Analysts have started questioning Chinese search
engine, Baidu.com, Inc. (ADR)(NASDAQ:BIDU) ‘s tactics to retain its market
share. On Tuesday, the company started redirecting search traffic from smaller
rival Qihoo to its own home page.
Baidu shares fell on Wednesday after an analyst
queried whether this strategy could backfire on the company. Shares in China's
biggest search engine fell 6 percent to $113.34, while that of Qihoo rose
nearly 3 percent to $22.18.
Baidu has about 80 percent of the search market share
in China but recent entrant Qihoo has started to trouble the company's
position.
On Tuesday the company resorted to guerrilla tactics
to counter the potential threat, provoking criticism from the analyst
fraternity. From Tuesday, those who put in a search query on Quito’s 360
Comprehensive Search Engine found that they were directed to Baidu's home page
where they had to type in the query all over again.

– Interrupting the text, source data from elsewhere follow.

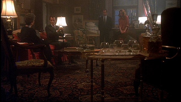 Of course, fans of the '91 DS know that Liz actually delivers today's quote "BARNABAS COLLINS FROM ENGLAND--? WELCOME TO COLLINWOOD" in the foyer -
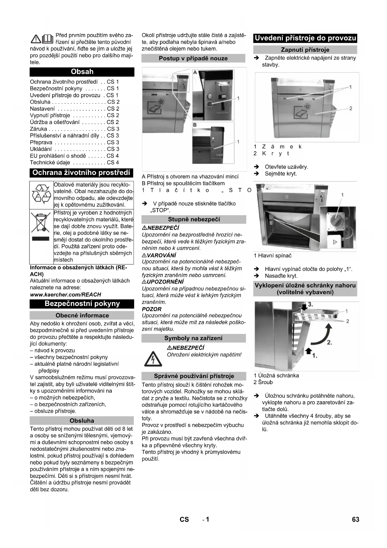 dB(A) 63 Méretek Hossz mm 1092 szélesség mm 531 magasság mm 1094 Tömeg kg 70 62 HU- 1 Před prvním použitím svého za- řízení si přečtěte tento původní návod k používání, řiďte se jím a uložte jej pro pozdější použití nebo pro dalšího maji- tele. Informace o obsažených látkách (RE- ACH) Aktuální informace o obsažených látkách naleznete na adrese: www.kaercher.com/REACH Aby nedošlo k ohrožení osob, zvířat a věcí, bezpodmínečně si před uvedením přístroje do provozu přečtěte a respektujte následu- jící dokumenty: – návod k provozu – všechny bezpečnostní pokyny – aktuálně platné národní legislativní předpisy V samoobslužném režimu musí provozova- tel zajistit, aby byli uživatelé viditelnými štít- ky s upozorněními informováni na – o možných nebezpečích, – o bezpečnostních zařízeních, – obsluze přístroje. Tento přístroj mohou používat děti od 8 let a osoby se sníženými tělesnými, vjemový- mi a duševními schopnostmi nebo osoby s nedostatečnými zkušenostmi nebo zna- lostmi, pokud přístroj používají s dohledem nebo pokud byly seznámeny s bezpečným používáním přístroje a s ním spojenými ne- bezpečími. Děti si s přístrojem nesmí hrát. Čištění a údržbu přístroje nesmí provádět děti bez dozoru. Okolí přístroje udržujte stále čisté a zajistě- te, aby podlaha nebyla špinavá a/nebo znečištěná olejem nebo tukem. A Přístroj s otvorem na vhazování mincí B Přístroj se spouštěcím tlačítkem 1Tlačítko „STOP“ V případě nouze stiskněte tlačítko „STOP“. NEBEZPEČÍ Upozornění na bezprostředně hrozící ne- bezpečí, které vede k těžkým fyzickým zra- něním nebo k usmrcení. 몇 VAROVÁNÍ Upozornění na potencionálně nebezpeč- nou situaci, která by mohla vést k těžkým fyzickým zraněním nebo usmrcení. 몇 UPOZORNĚNÍ Upozornění na případnou nebezpečnou si- tuaci, která může vést k lehkým fyzickým zraněním. POZOR Upozornění na potenciálně nebezpečnou situaci, která může mít za následek poško- zení majetku. Tento přístroj slouží k čištění rohožek mo- torových vozidel. Rohožky se mohou sklá- dat z pryže a textilu. Nečistota se z rohožky odstraňuje pomocí rotujícího kartáčového válce a shromažďuje se v nádobě na nečis- toty. Provoz v prostředí s nebezpečím výbuchu je zakázáno. Při provozu musí být zavřená všechna dvíř- ka a připevněné všechny kryty. Tento přístroj je vhodný k průmyslovému použití. Zapněte elektrické napájení ze strany stavby. 1Zámek 2Kryt Otevřete uzávěry. Sejměte kryt. 1 Hlavní spínač Hlavní vypínač otočte do polohy „1“. Nasaďte kryt. 1 Úložná schránka 2 Šroub Úložnou schránku potáhněte nahoru, vyklopte nahoru a pro zaaretování za- tlačte dolů. Utáhněte všechny 4 šrouby, aby se úložná schránka již nemohla sklopit do- lů. Obsah Ochrana životního prostředí . . CS 1 Bezpečnostní pokyny . . . . . . . CS 1 Uvedení přístroje do provozu . CS 1 Obsluha . . . . . . . . . . . . . . . . . . CS 2 Nastavení . . . . . . . . . . . . . . . . CS 2 Vypnutí přístroje . . . . . . . . . . . CS 2 Údržba a ošetřování . . . . . . . . CS 2 Záruka . . . . . . . . . . . . . . . . . . . CS 3 Příslušenství a náhradní díly . . CS 3 Přeprava . . . . . . . . . . . . . . . . . CS 3 Ukládání . . . . . . . . . . . . . . . . . CS 3 EU prohlášení o shodě . . . . . . CS 4 Technické údaje . . . . . . . . . . . CS 4 Ochrana životního prostředí Obalové materiály jsou recyklo- vatelné. Obal nezahazujte do do- movního odpadu, ale odevzdejte jej k opětovnému zužitkování. Přístroj je vyroben z hodnotných recyklovatelných materiálů, které se dají dobře znovu využít. Bate- rie, olej a podobné látky se ne- smějí dostat do okolního prostře- dí. Použitá zařízení proto ode- vzdejte na příslušných sběrných místech Bezpečnostní pokyny Obecné informace Obsluha Postup v případě nouze Stupně nebezpečí Symboly na zařízení NEBEZPEČÍ Ohrožení elektrickým napětím! Správné používání přístroje Uvedení přístroje do provozu Zapnutí přístroje Vyklopení úložné schránky nahoru (volitelné vybavení) 63CS- 2 A Přístroj s otvorem na vhazování mincí B Přístroj se spouštěcím tlačítkem 1 Vhazování mincí 2 Světelná kontrolka 3Navrácení mince 4 Spouštěcí tlačítko 5 Vstup rohožky 6 Výstup rohožky Upozornění: Jestliže rohožku pustíte, projde přístrojem a bude vysunuta na výstupu rohožky. Upozornění: Nastavitelná doba chodu platí pro vhození jedné z následujících mincí: – 50 eurocentů – 50 britských pencí – 1 švýcarský frank – 1 polský zlotý – 5 norských korun Sejměte víko (viz „Údržba a ošetřování/ Údržbové práce/Sejmutí víka“). 1Tlačítko„PRG“ 2LED 3 3LED 1 4 Tlačítko „P1“ 5 Řízení Stiskněte tlačítko „PRG“ a přidržte do- kud se nerozsvítí LED 3. Je aktivován provozní režim Seřizová- ní. Upozornění: Provozní režim Seřizování se ukončí, když 10 sekund není stisknuto žádné tlačítko. Nastavení začíná dobou chodu 0 sekund. Maximální doba chodu je 10 minut. Jestliže se dosáhne tohoto nastavení, bliká LED 1 rychle. Krátce stiskněte tlačítko „P1“. LED 1 bliká rychle a doba chodu se zvýší o 5 sekund. Dlouze stiskněte tlačítko „P1“. LED 1 bliká pomalu a doba chodu se zvýší o 30 sekund. Požadovanou dobu chodu nastavte opakovaným stisknutím tlačítka „P1“. Pro potvrzení nastavené doby chodu stiskněte tlačítko „PRG“, dokud neza- čne LED 3 rychle blikat: Doba chodu se uloží. Hlavní vypínač nastavte na „0“. NEBEZPEČÍ Nebezpečí úrazu následkem neúmyslného rozběhu přístroje a zasažením elektrickým proudem. Před zahájením všech
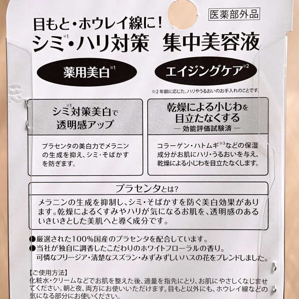 - 【医薬部外品】 ※2024年3月〜パッケージ・価格をリニューアル。尚これにかかる商品の返品・交換は承っておりません。 ■目もと・口周りに。薬用美白*1+エイジングケア*2、塗るだけWの集中美容液。 ■有効成分プラセンタ配合でメラニンの生成を抑え、シミを防いで、透明感あふれるお肌へと導きます。厳選された国産のプラセンタを配合しています。 ■コラーゲン(ハリを与える成分)・ハトムギ(保湿成分)などの成分がお肌にハリ・うるおいを与え、乾燥による小じわを目立たなくします。«効能評価試験済» *1メラニンの生成を抑え、シミ・そばかすを防ぐことです *2年齢に応じた、ハリやうるおいのお手入れのことです

Stifel Nicolaus analyst George Askew said the tactic
could backfire on Baidu, and another analyst reduced her price target on the
Chinese search giant.
Qihoo launched its service on Aug 16 and since then
its shares have risen nearly 19 percent, while those of Baidu have fallen about
15 percent.
“By doing this, we believe Baidu is expecting that
users will identify Qihoo with a poor search experience, and bypass Qihoo
completely and begin searches at Baidu,” Askew said in a note. “However, the
risk is that Qihoo users simply select a different search engine within the
search category, and avoid Baidu.”
Askew, who expects the battles between Baidu and Qihoo
to get even nastier, has a buy rating on Qihoo with a target price of $31.